São descritas as práticas de hospitais e planos de seguros de saúde que não conseguem camuflar os interesses mercantis na determinação dos níveis de capacidade de consumo de saúde dos clientes. Desta forma, assistimos à metamorfose precarizante daqueles que eram designados como ‘pacientes’ em ‘consumidores’.

Por sua vez, as ciências biomédicas e epidemiológicas sustentam uma perspectiva exacerbada na produção de evidências, metanálises e revisões sistemáticas sem levar em conta pressupostos metafísicos não explicitados quanto à noção de ‘realidade’ em questão, nem aspectos que são incluídos, não-incluídos e apagados nos procedimentos de pesquisa em saúde, segundo autores dos estudos sociais da ciência.

Além disto, importa mencionar que há evidências suficientes acerca dos enviesamentos que as corporações farmacêuticas geram nos resultados de ensaios clínicos que escamoteiam a real efetividade e os efeitos adversos dos novos fármacos postos no mercado.

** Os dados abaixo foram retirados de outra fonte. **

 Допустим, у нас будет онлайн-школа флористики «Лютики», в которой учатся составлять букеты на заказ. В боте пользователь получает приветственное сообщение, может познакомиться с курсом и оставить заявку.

Da mesma maneira, não se apresentam sob a forma de publicação os resultados de estudos que apontam para achados desfavoráveis em relação aos medicamentos experimentados.

Este quadro inevitavelmente contamina a cadeia de produção de ‘guidelines’ que sustentam o gerencialismo baseado na lógica de adequação de custos em termos de insumos e produtos/serviços. Isto cinicamente termina por prover na extremidade do paciente a provisão de ‘cuidados’ de saúde já definidos, na sua origem, por um selo imaginário de qualidade precária. Por mais duro que possa parecer, é impossível se conter e não enfatizar a dimensão de cinismo que se manifesta nas práticas cotidianas de (des)atenção à saúde.

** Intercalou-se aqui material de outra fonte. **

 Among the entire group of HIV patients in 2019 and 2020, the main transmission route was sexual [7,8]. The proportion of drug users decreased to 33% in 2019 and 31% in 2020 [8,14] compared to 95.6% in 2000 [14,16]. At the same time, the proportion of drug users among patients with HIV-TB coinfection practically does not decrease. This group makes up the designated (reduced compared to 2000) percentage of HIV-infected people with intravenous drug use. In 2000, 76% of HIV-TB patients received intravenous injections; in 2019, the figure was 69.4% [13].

Os leitores do livro irão perceber configurações que muitos irão vincular a penosos eventos como pacientes ou como pessoas de sua família. A origem da palavra ‘paciente’ indica sua posição como alguém que está afetado por algo que o ameaça ou o faz sofrer ou o deixa enfraquecido diante das demandas da sua vida (enfermo é aquele que está num estado de debilidade; doente é originalmente aquele que sente dor). Não se trata do sentido de quem é obrigado a ter paciência, que aguenta com resignação não só a manifestação de sinais e sintomas, mas, também, ao alto risco de ser maltratado durante seus encontros com as incômodas facetas do atual Complexo Econômico-Industrial da Saúde.

Referências

AMARAL, Olavo. Intoxicado de ofertas. Revista Piauí, Rio de Janeiro, n. 108, p. 20-28, set. 2015. [ Links ]

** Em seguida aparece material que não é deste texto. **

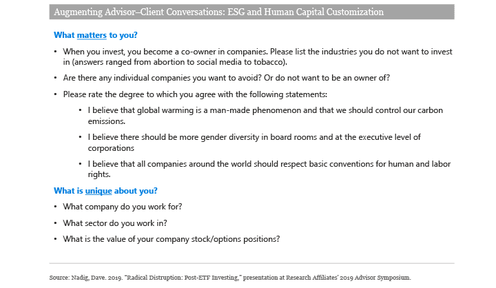 Because of the close advisor-client relationship, advisors understand the issues important to their clients and can customize an equity portfolio that appropriately reflects their clients’ preferences. In his presentation at the 2019 Research Affiliates Advisor Symposium, Dave Nadig suggested an augmented client questionnaire that moves beyond the basics of age, income, assets, and risk tolerance. The themes he included nicely align with our observations around ESG and human capital customization. Advisors who guide clients using the types of questions Dave Nadig suggests can deliver a rich client experience, and the resulting portfolio may then align more closely with the client’s personal beliefs and circumstances.

ELLIOTT, Carl. White coat, black hat. Adventures on the dark side of medicine. Boston: Beacon Press, 2010. [ Links ]

RAVELLI, Quentin. Nos subterrâneos da indústria farmacêutica. Le Monde Diplomatique. Disponível em: <http://outraspalavras.net/destaques/nos-subterraneos-da-industria-farmaceutica>. Acesso em: 25 dez. 2015. [ Links ]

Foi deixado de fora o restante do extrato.